Exercise data
....

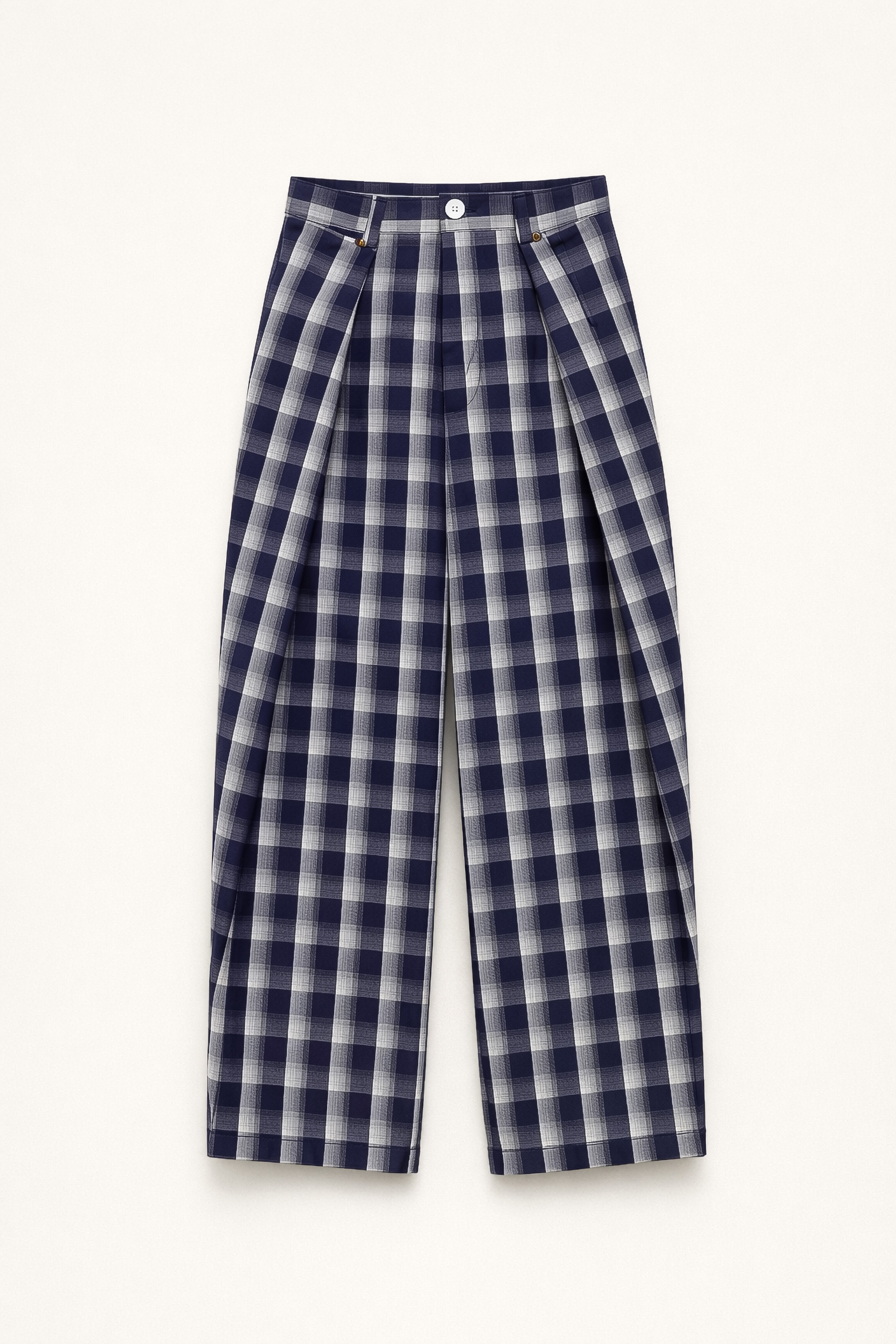 Pantaloni lunghi realizzati in tessuto con fantasia a quadri. Vita elasticizzata. Gamba dritta. Chiusura frontale con cerniera e bottone. Dettaglio laterale con pannello sovvrapposto e taglio strutturato. Vestibilità regolare, disponibile in taglia S/M, M/L.
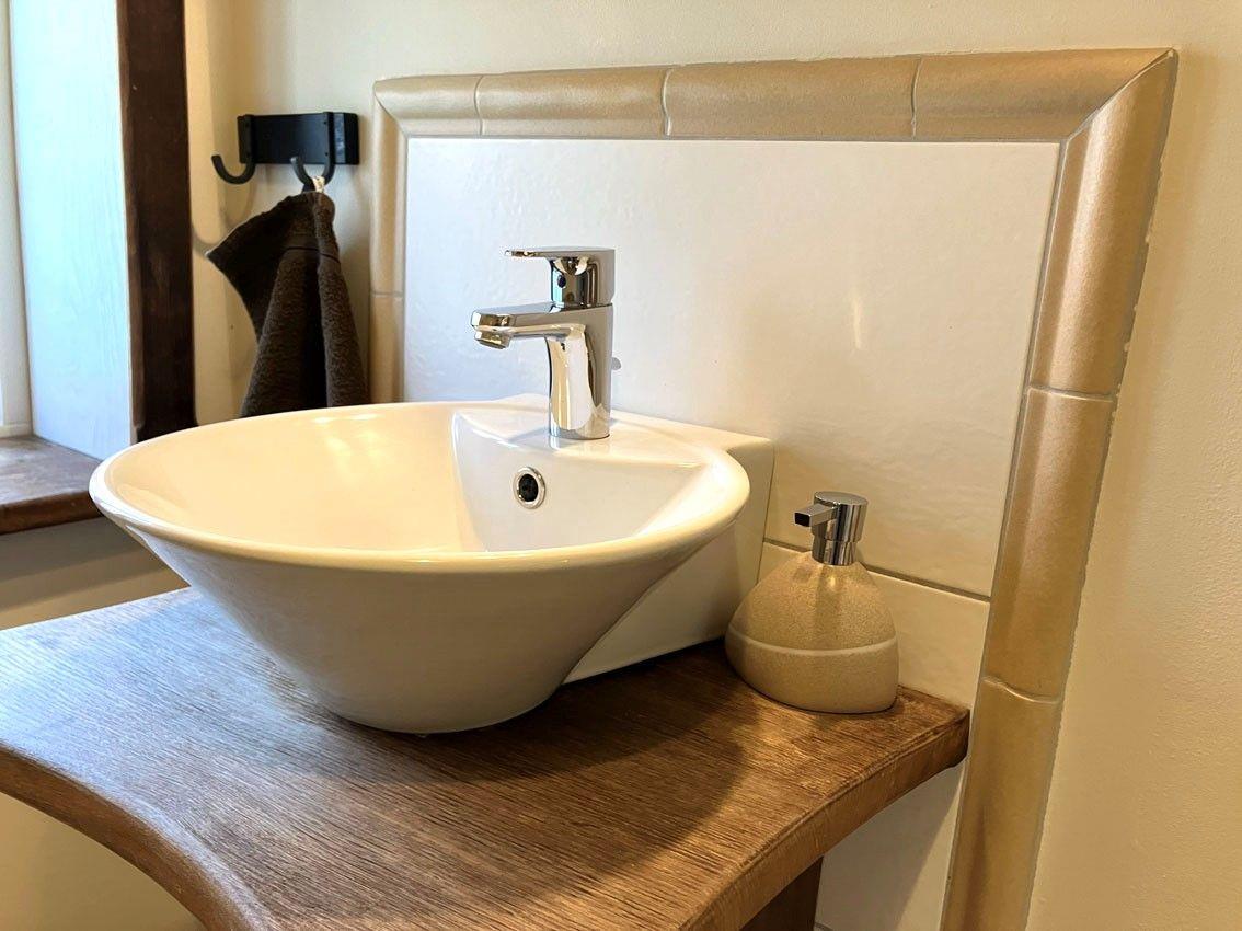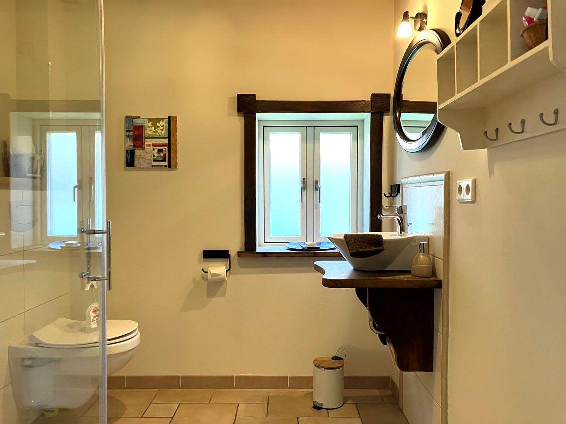 Durch wegnehmbare Holzrampen, breite Türen und Zufahrt in die ebenerdige Dusche größtenteils rollstuhlgerecht.
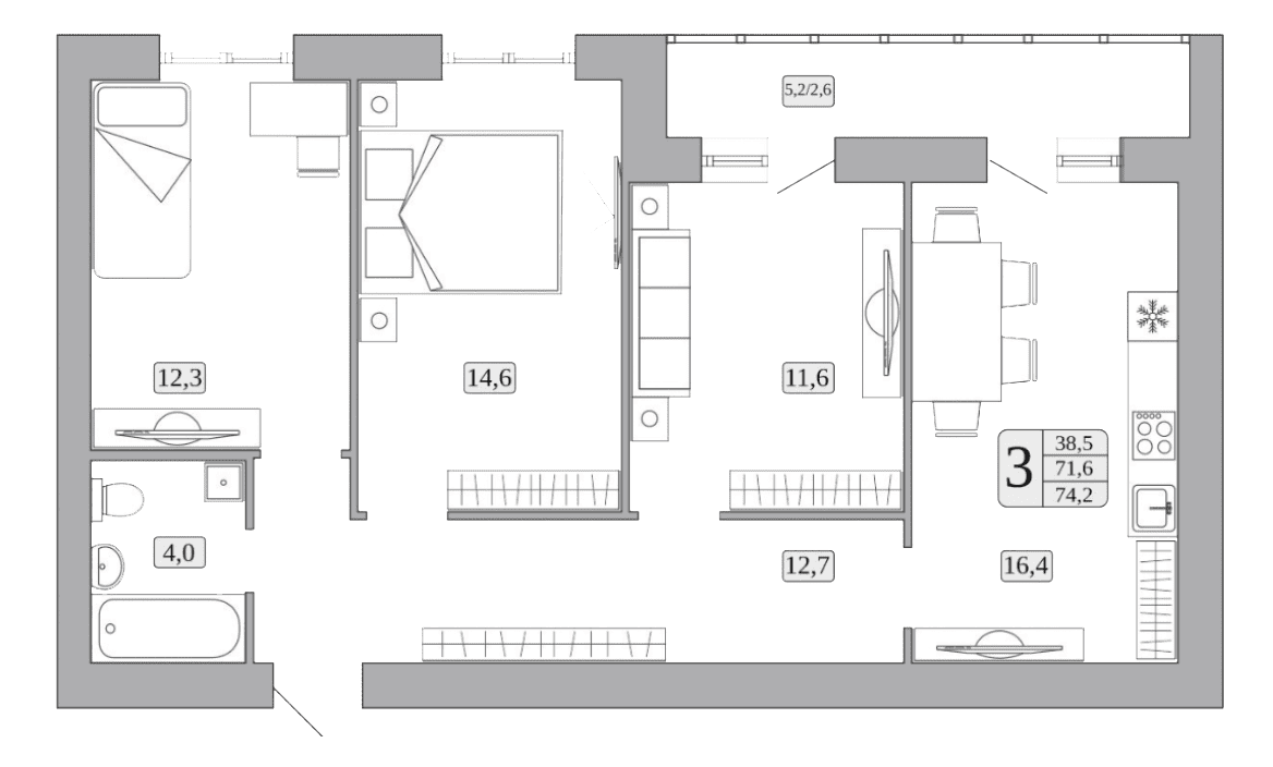 Планировочные решения трехкомнатных квартир в ЖК «Перемена» (А-34) учитывают потребности больших семей, ставя на первое место функциональность. Безусловное преимущество планировки - сопоставимые по размеру комнаты: 11,6, 12,3 и 14,6 кв. м, просторная кухня в 16,4 кв. м, где можно устроить уголок отдыха, и большая лоджия. При метраже в 71,6 и 72,9 кв. м простор и комфорт для всех обеспечен.

....

Assignment
The lines from the beginning of the listing above through the line holding "Durch wegnehmbare Holzrampen, breite" are to be duplicated exactly, and the pictures omitted.

Exercise answer
 Pantaloni lunghi realizzati in tessuto con fantasia a quadri. Vita elasticizzata. Gamba dritta. Chiusura frontale con cerniera e bottone. Dettaglio laterale con pannello sovvrapposto e taglio strutturato. Vestibilità regolare, disponibile in taglia S/M, M/L.
 Durch wegnehmbare Holzrampen, breite Türen und Zufahrt in die ebenerdige Dusche größtenteils rollstuhlgerecht.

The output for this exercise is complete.